Exercise goal:
The output must match the lines from the first line of the listing below through the line holding "Accept Mission을 클릭하고" exactly and must contain no pictures.
== Segment start ==
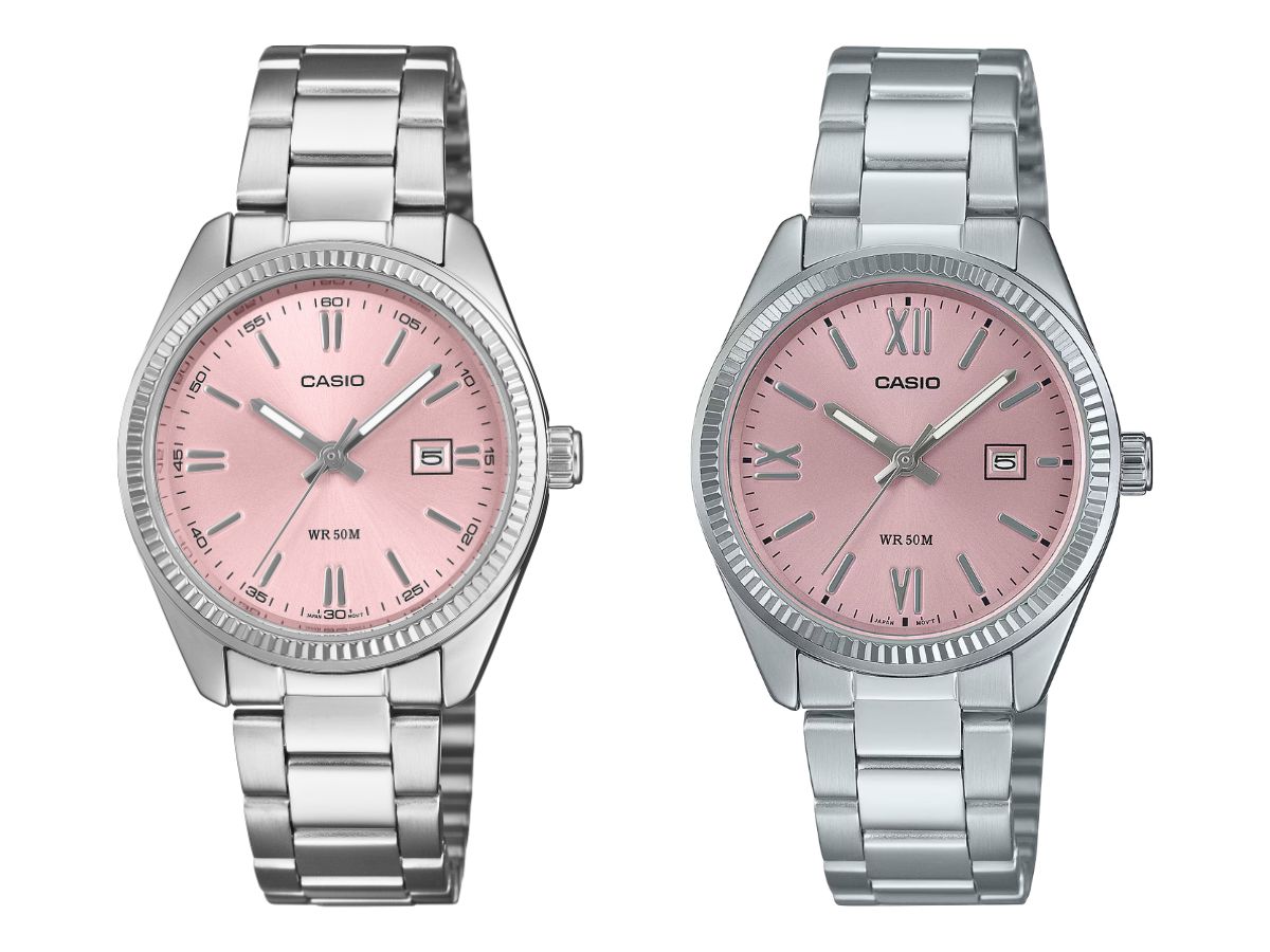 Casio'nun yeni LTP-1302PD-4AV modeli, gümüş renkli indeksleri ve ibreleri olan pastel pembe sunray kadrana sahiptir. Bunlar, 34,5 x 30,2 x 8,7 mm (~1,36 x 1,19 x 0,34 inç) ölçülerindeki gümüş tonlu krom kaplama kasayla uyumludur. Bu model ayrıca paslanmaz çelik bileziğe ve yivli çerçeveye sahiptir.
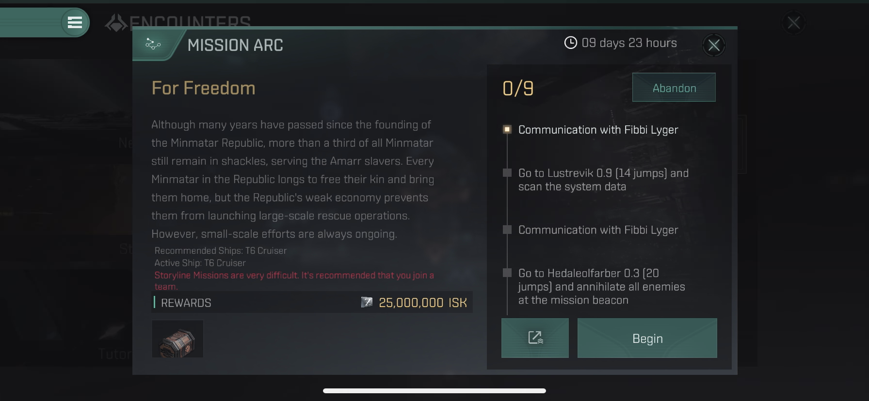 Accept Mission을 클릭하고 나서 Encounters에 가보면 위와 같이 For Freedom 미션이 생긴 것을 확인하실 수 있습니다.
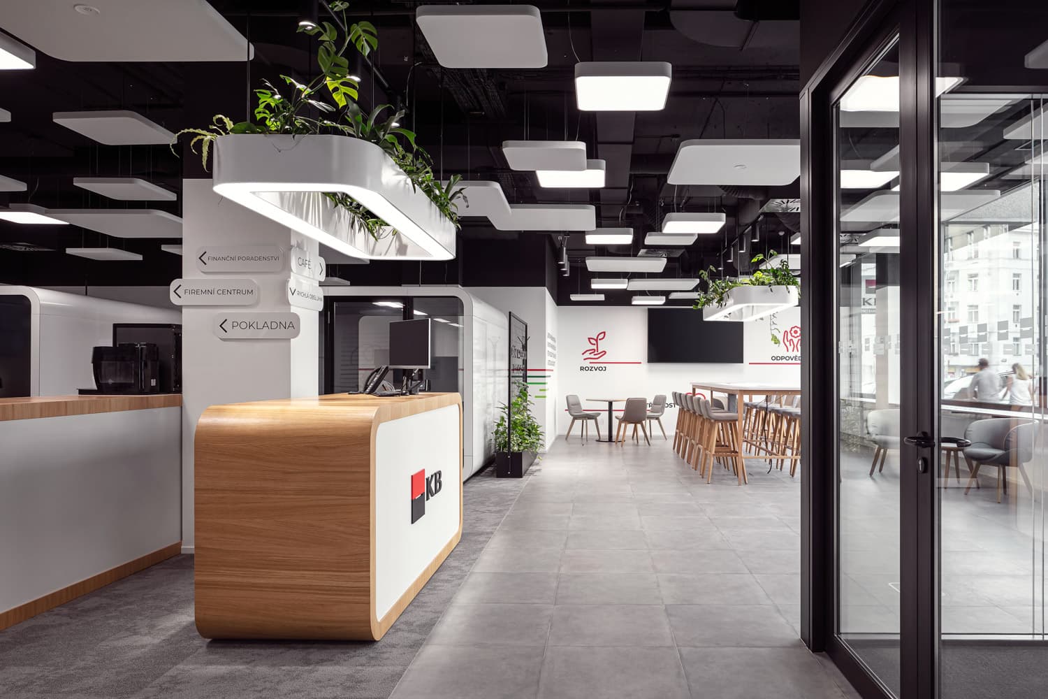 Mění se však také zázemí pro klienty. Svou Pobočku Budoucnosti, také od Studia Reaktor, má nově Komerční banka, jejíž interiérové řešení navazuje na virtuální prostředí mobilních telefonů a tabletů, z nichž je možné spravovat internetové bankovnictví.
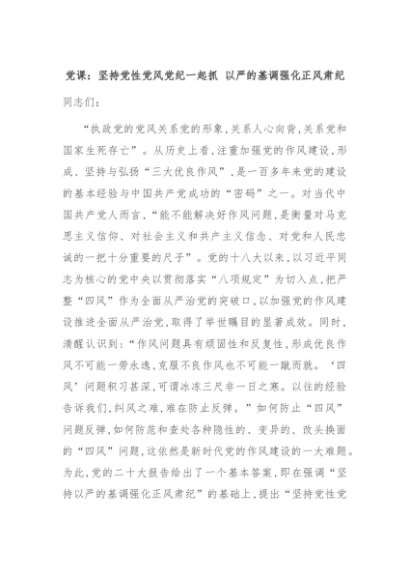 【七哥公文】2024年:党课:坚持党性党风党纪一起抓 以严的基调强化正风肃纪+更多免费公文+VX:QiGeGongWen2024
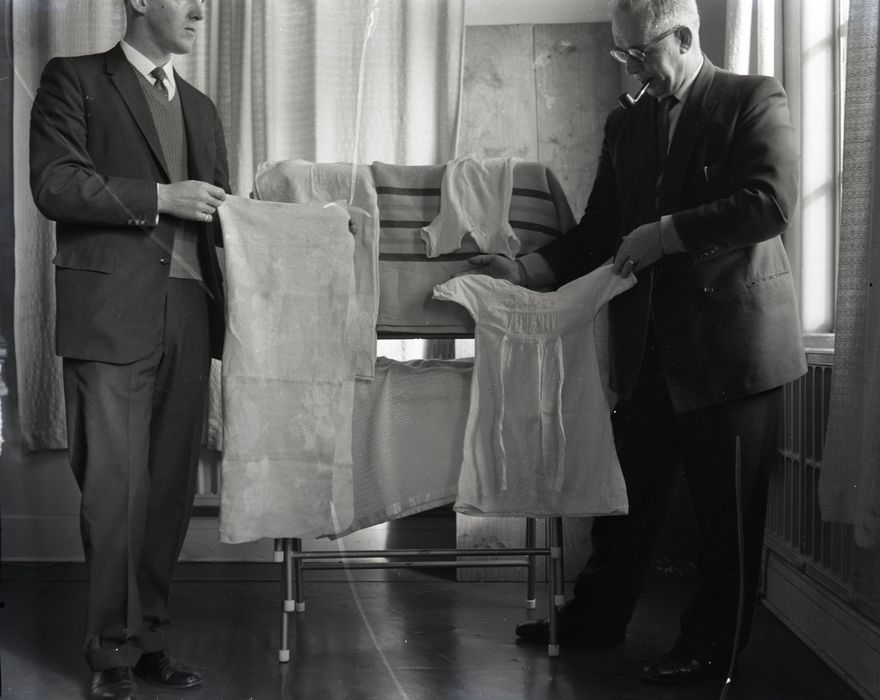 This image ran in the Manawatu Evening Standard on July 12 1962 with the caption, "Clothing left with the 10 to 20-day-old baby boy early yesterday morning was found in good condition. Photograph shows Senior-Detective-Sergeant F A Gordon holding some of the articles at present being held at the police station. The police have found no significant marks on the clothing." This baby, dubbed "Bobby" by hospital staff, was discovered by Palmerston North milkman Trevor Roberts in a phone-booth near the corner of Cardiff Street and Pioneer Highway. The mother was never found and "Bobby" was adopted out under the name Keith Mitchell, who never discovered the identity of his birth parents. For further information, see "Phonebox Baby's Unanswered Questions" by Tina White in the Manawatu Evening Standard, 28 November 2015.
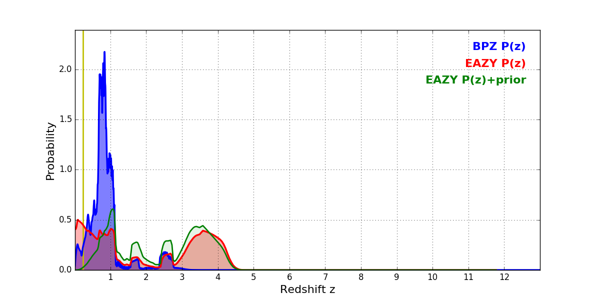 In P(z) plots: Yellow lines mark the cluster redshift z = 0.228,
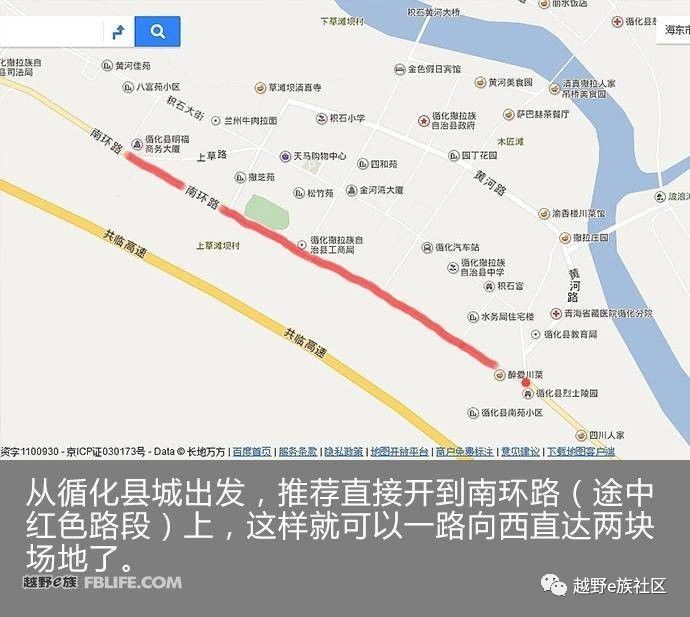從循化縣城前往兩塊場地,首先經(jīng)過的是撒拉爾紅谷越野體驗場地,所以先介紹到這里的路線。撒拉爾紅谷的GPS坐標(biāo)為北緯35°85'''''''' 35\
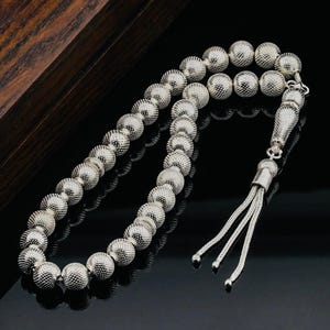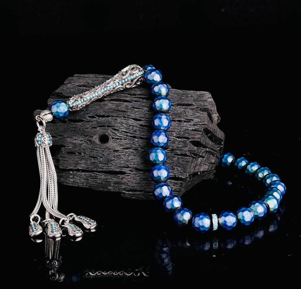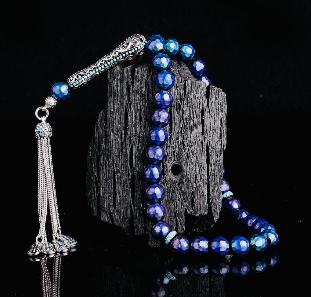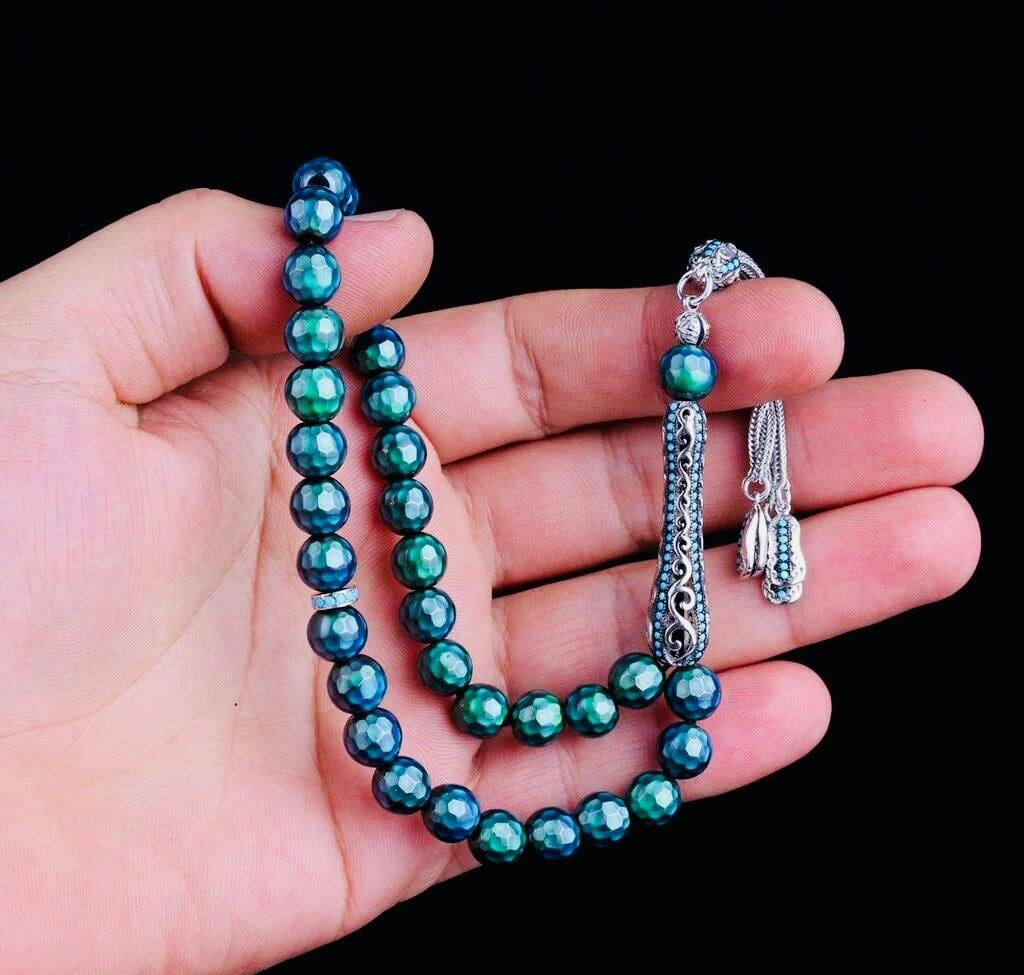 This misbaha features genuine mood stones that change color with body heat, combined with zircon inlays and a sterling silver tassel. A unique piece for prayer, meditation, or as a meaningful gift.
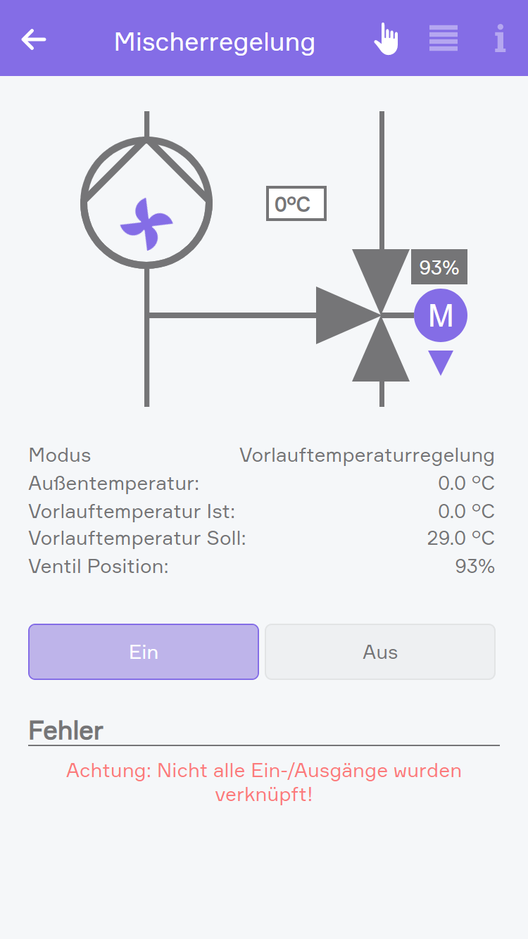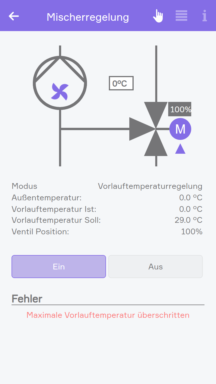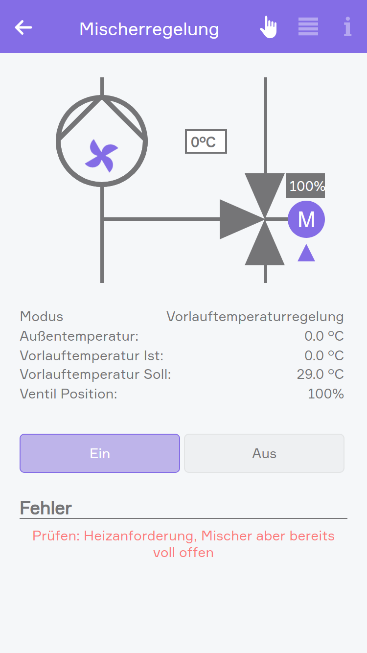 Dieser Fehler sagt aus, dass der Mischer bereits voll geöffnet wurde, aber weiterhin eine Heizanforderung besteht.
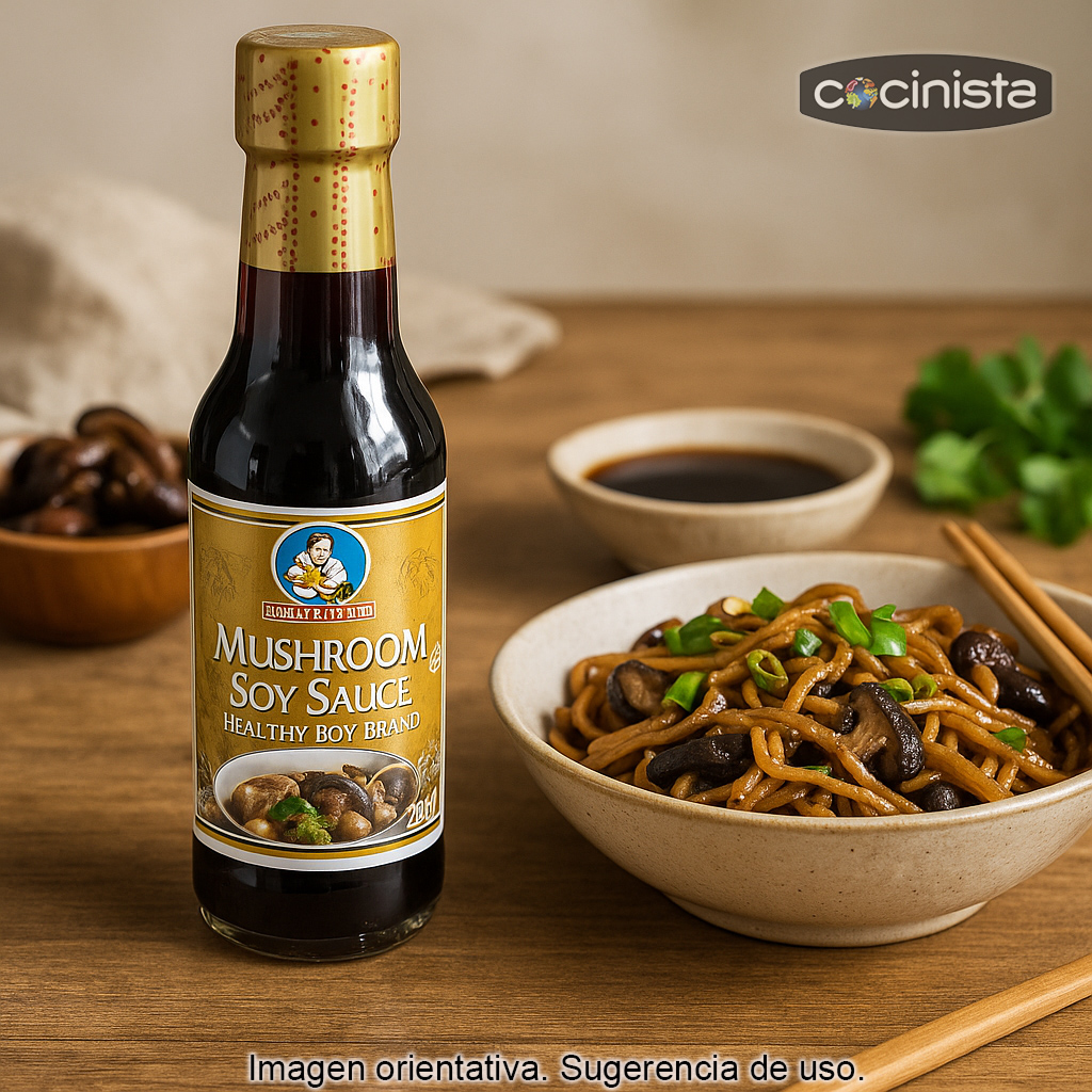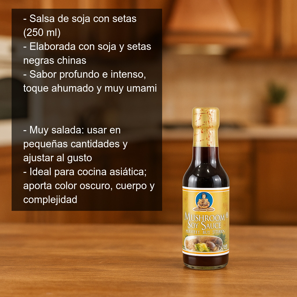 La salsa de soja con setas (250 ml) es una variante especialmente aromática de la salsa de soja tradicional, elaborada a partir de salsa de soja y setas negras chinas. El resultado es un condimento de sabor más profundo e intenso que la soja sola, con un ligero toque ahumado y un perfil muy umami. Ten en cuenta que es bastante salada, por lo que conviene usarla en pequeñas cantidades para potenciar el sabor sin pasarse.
== Segment end ==
Expected answer:
 Casio'nun yeni LTP-1302PD-4AV modeli, gümüş renkli indeksleri ve ibreleri olan pastel pembe sunray kadrana sahiptir. Bunlar, 34,5 x 30,2 x 8,7 mm (~1,36 x 1,19 x 0,34 inç) ölçülerindeki gümüş tonlu krom kaplama kasayla uyumludur. Bu model ayrıca paslanmaz çelik bileziğe ve yivli çerçeveye sahiptir.
 Accept Mission을 클릭하고 나서 Encounters에 가보면 위와 같이 For Freedom 미션이 생긴 것을 확인하실 수 있습니다.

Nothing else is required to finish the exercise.